Appeal from the Crittenden Chancery Court; Henry Wilson, Chancellor; modified and remanded.

Rose Law Firm, A Professional Association, by: Richard T. Donovan, for appellant.

Saxton Ayres, by: Clint Saxton, for appellee.


This appeal involves the Uniform Child Custody Jurisdiction Act (Ark. Stat. Ann. 34-2701, et seq. Supp. 1985) and the Parental Kidnapping Prevention Act of 1980 (Pub.L. 96-611, 28 U.S.C. § 1738A). Appellee Suzanne Norsworthy and Appellant Lauren Norsworthy married in Harris County, Texas in August of 1977. A year later a daughter, Darlah, was born.

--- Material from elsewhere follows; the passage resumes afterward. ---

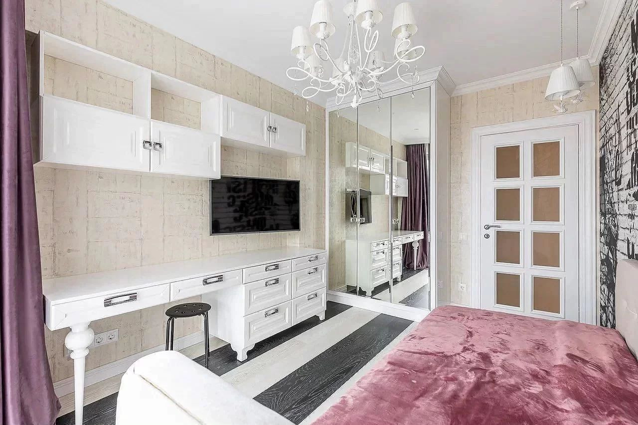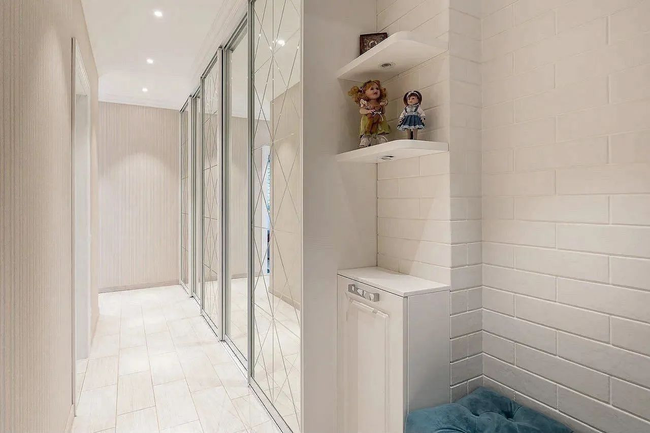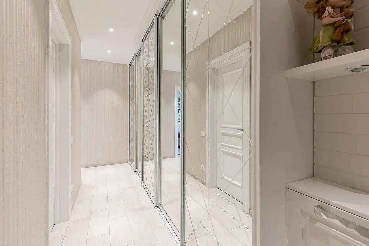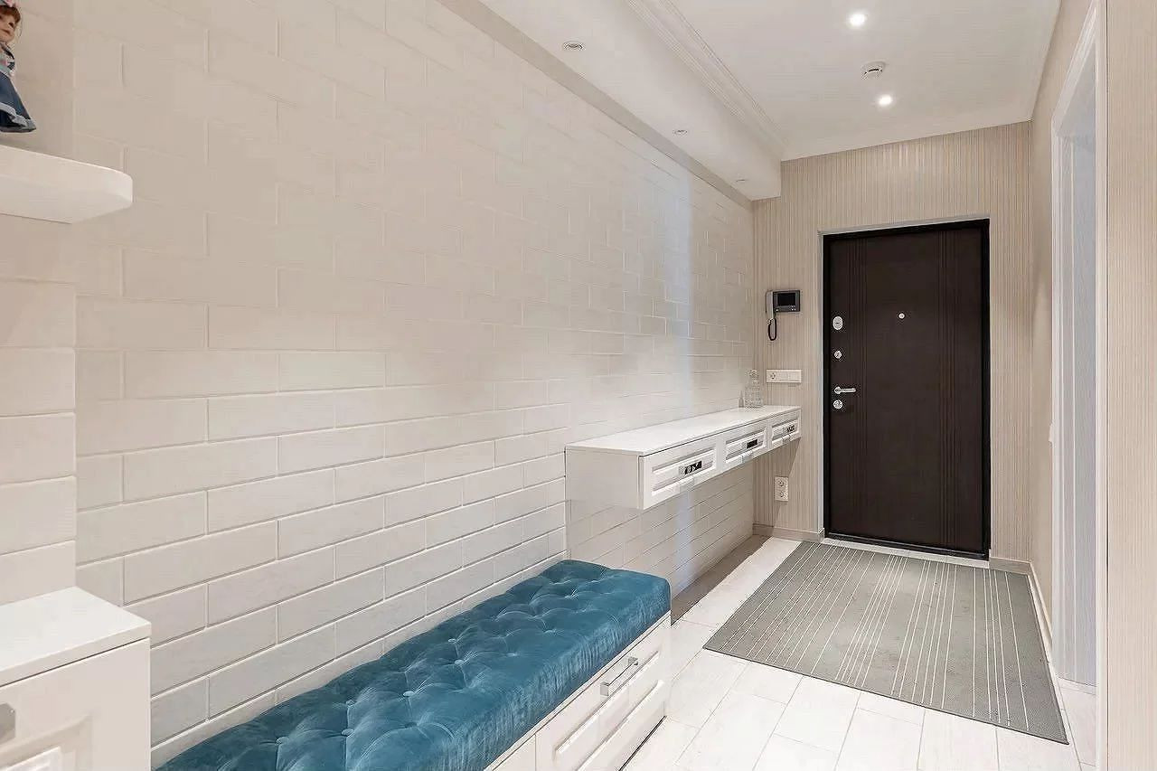 Квартира угловая, просторный коридор делит ее на три изолированные спальни, два санузла, гардеробную комнату и уютную кухню-гостиную.

In 1984 Suzanne filed suit for divorce in Harris County. On April 10, 1984 a temporary order giving Suzanne custody was entered by agreement. On June 1, 1985 Suzanne moved with Darlah to Crittenden County, Arkansas, where Suzanne's father lived.

On September 19, 1985 Lauren Norsworthy called Suzanne to say he was coming to Arkansas and would like to visit Darlah. The next day he filed suit for divorce and custody in Henderson County, Texas and on September 21, as planned, he obtained custody of Darlah ostensibly for a brief visit. Instead of returning Darlah to her mother he took her to Texas, placing her in the custody of his brother, Gaylon Norsworthy. On September 24 Suzanne was served with process in Arkansas in the Henderson County suit. Suzanne promptly filed suit for divorce and custody in Crittenden County.

In response to the Arkansas proceedings, Lauren challenged jurisdiction in a motion to dismiss, citing Ark. Stat. Ann. 34-2706(a), which provides that a court shall not exercise its jurisdiction if there is a pending proceeding in another state. In the alternative the Arkansas court was asked to stay its proceedings until the Texas court determined if it had jurisdiction.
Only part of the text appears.